Ne pas raconter la dictature argentine, une fois de plus, mais dire le halo coagulé de peur et de doute qu'elle a créé, sa terrible crise économique, sociale et morale, son joug politique accompagné des craintes de dénonciation et de trahison quand autrui devient un potentiel ennemi. Si la terreur autoritaire débutée en 1976 s'est officiellement achevée en 1983 avec l'avènement de la démocratie, la peur et le doute ont longtemps hanté les argentins, avec son cortège de réconciliations nationales ambigües qui a permis à la justice de ne jamais être rendue et aux disparus de le rester. C'est cette peur et ce doute pétri d'arbitraire qu'
Adolfo Bioy Casares a choisi de traiter dans ce petit roman absolument magistral écrit alors que la démocratie est installée depuis deux ans. "C'est une évocation symbolique de ce qui s'est passé.
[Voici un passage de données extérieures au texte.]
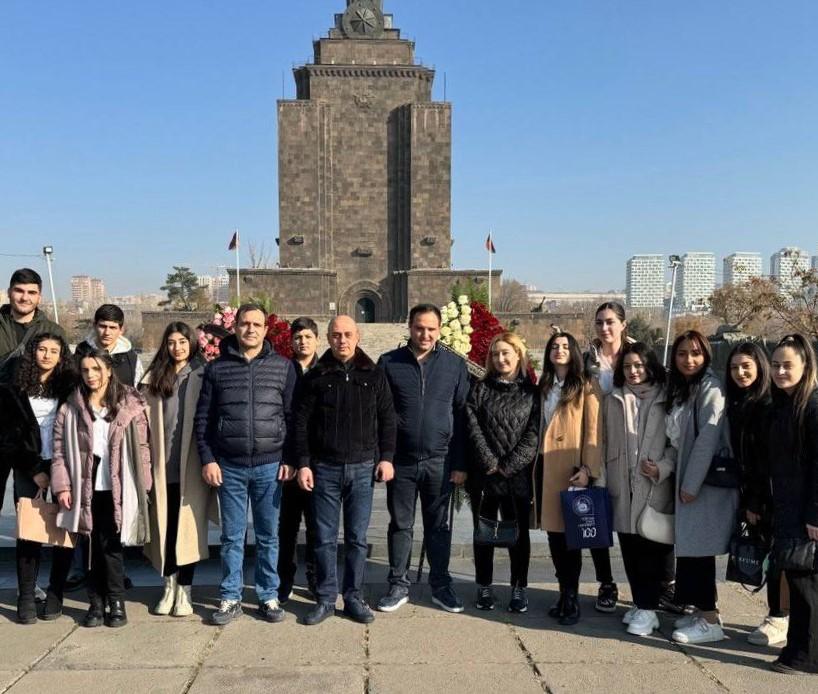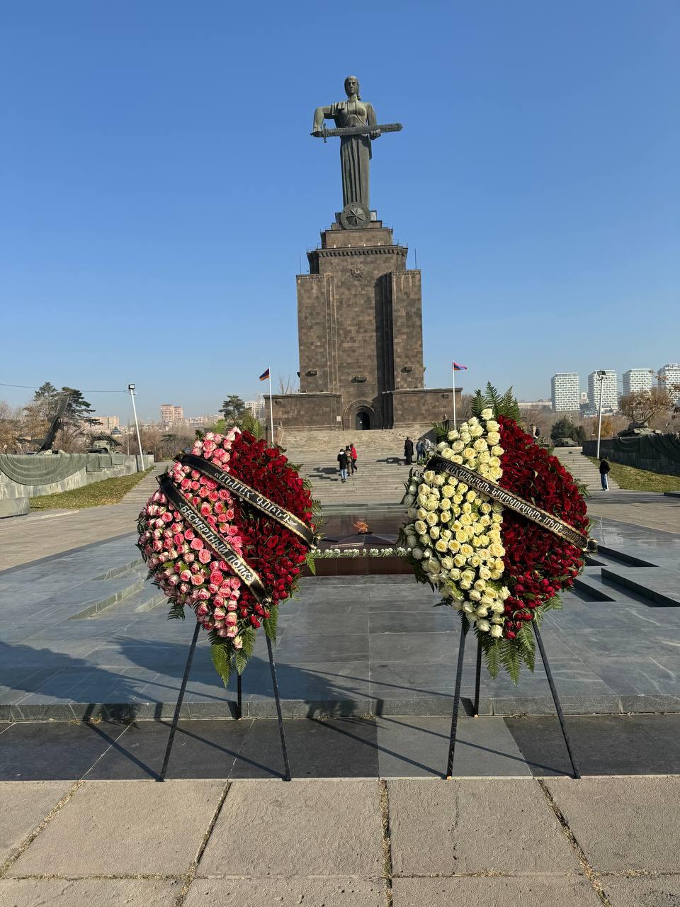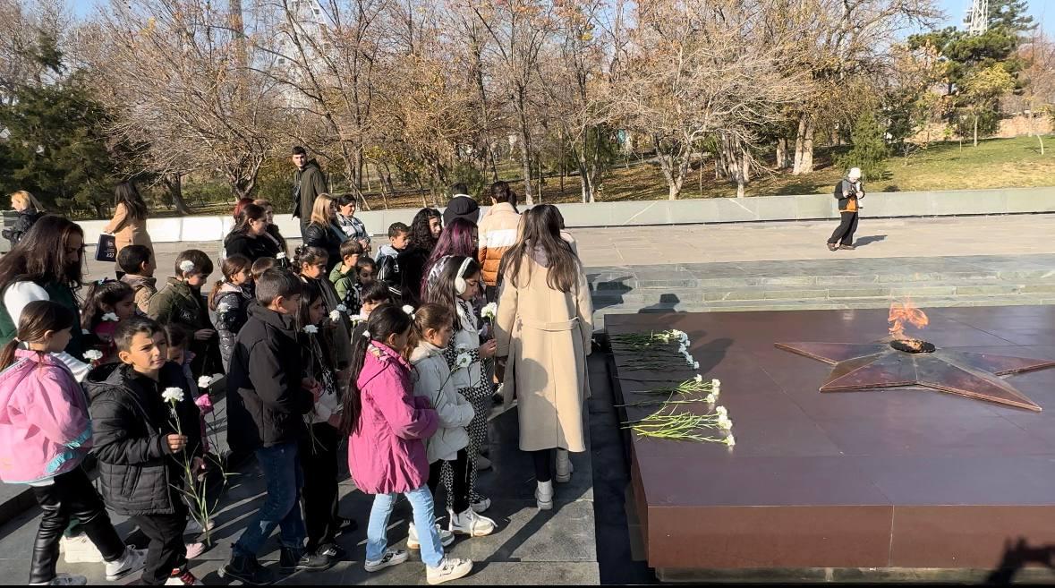 В столице Республики Армения Ереване активисты Бессмертного полка и учащиеся школ города возложили цветы к памятнику Неизвестному солдату и Вечному огню в парке Победы.
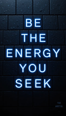 This captivating image features a glowing neon sign that reads Be the energy you seek, set against a dark backdrop. Perfect for inspiration or motivation.
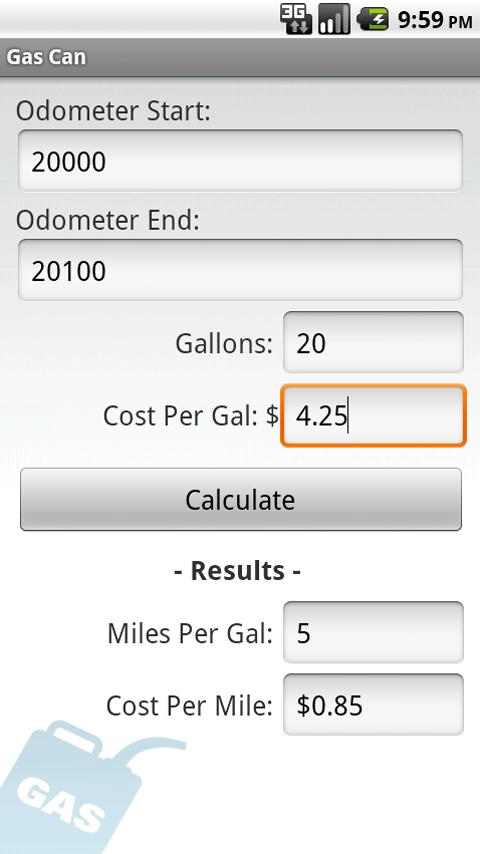 Fuel consumption calculator mm/dd/yyyy dd/mm/yyyy miles gal $/gal miles/gal Cost of the mile Don't use the partial mileage data. Estimated cost. The fuel consumption will be calculated only when the tank is completely filled. ... Read More
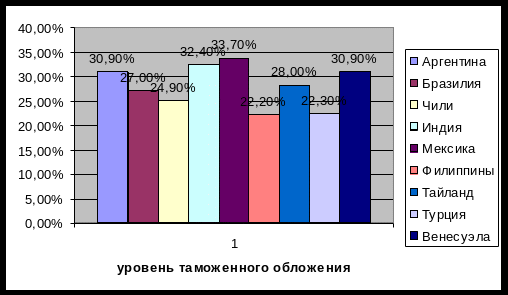 Средний уровень таможенного обложения в развитых странах и в части развивающихся государств заметно понизился в последние три десятилетия. Это привело к довольно распространенному мнению, что мир вступил в новую эпоху свободной торговли. Однако, нет ничего более ошибочного, чем эта точка зрения. Дифференцированная товарная номенклатура таможенного тарифа позволяет, при сравнительно невысоком среднем уровне обложения, устанавливать высокие тарифные ставки (тарифные пики) на многие отдельные товары международной торговли. Например, при среднем уровне обложения 3-4% уровень таможенного обложения на текстиль и одежду в США – 14,6%; 9,1% – в Евросоюзе, 7,6% – в Японии. На отдельные товары этот уровень существенно выше. В США, например, 52% импортированного текстиля и одежды облагаются пошлинами до 35 %; 19% импорта химических товаров облагаются ставками до 10 %. В Евросоюзе 54% ввозимого текстиля и одежды облагаются ставками до 15 процентов; 60% ввозимых средств транспорта ставками до 10%. Не менее высок уровень таможенного обложения в развивающихся государствах. Средний взвешенный уровень таможенного обложения в конце 90-х годов (после реализации снижения пошлин в итоге Уругвайского раунда) приведен на рис. 1.2. Этот уровень в два раза и более превышает средний уровень таможенного обложения в России.
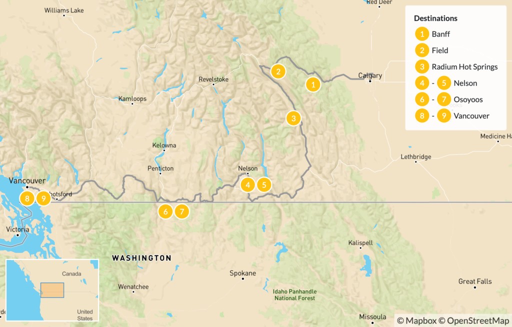 Map of Calgary to Vancouver Road Trip: Banff, Radium, Nelson, & Osoyoos – 10 Days

Cette réalité qui m'entourait m'a forcé à écrire mon histoire. C'est une métaphore, à ma façon, de ce qui est arrivé" confie
Adolfo Bioy Casares.
Le livre
Un photographe à La Plata (quel dommage que le titre français n'ait pas conservé le mot "aventure" du titre original) narre les péripéties d'un jeune provincial, photographe débutant, Nicolas
Almanza à La Plata, chargé de photographier les merveilles architecturales de la ville, et ses relations fortuites et étranges avec la famille Lombardo (pour qui le photographe ressemble à un fils mystérieusement disparu) et des personnages de la pension où il loge.
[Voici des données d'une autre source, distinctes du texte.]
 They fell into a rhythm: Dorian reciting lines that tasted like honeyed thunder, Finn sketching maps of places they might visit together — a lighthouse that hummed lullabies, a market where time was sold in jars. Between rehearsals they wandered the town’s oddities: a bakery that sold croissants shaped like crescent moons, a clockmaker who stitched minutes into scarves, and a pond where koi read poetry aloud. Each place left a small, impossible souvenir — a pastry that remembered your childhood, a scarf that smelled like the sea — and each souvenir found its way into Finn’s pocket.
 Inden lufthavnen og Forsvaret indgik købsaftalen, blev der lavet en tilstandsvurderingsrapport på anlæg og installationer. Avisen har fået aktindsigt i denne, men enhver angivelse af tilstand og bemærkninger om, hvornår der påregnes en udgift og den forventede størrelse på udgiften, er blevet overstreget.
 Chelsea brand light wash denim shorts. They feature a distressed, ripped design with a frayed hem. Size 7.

Le protagoniste Nicolas perçoit La Plata comme un espace fragmenté, considérant la ville comme un objet esthétique qu'il capture photographiquement, filtrant la réalité pour révéler son aspect fantomatique brumeux aux lumières métalliques se superposant aux étranges aventures qui vont parsemer son séjour à La Plata. "Au moyen de son appareil photo, le photographe soustrait le monde qui l'entoure au fleuve du temps. On peut affirmer que le photographe est un artiste lorsqu'il découvre les moments les plus expressifs de la vérité de ce monde, son modèle, et parvient à le perpétuer magnifiquement et tel qu'il est, comme s'il lui volait son âme" dit
Bioy Casares dans un essai sur la photographie.
Et c'est l'âme d'une ville voilée d'ambigüité et d'incertitude que photographie le jeune Nicolas, ce halo venimeux qui englobe toute vie quotidienne sous dictature, faisant douter de l'autre, tout autre, possible ennemi ou délateur, possible résistant, possible amante : possible haine et possible amour dans une douteuse altérité.
Jouant avec maestria de différents genres littéraires, récit fantastique, roman policier, roman d'amour, fiction scientifique, roman d'aventure,
Bioy Casares intrique les apparences avec la réalité, superpose rêve et éveil, hallucination et pleine conscience, pour déployer un récit d'une ambigüité sidérante où la fin n'en est pas une, laissant au lecteur la liberté d'inventer la suite. Laissant aux Argentins toute latitude pour inventer le devenir d'un pays martyrisé par sept années de terreur.
Ce court roman écrit à pas feutrés, secrètement diabolique et déchirant, est un des sommets de l'exceptionnel art romanesque bioycasarien.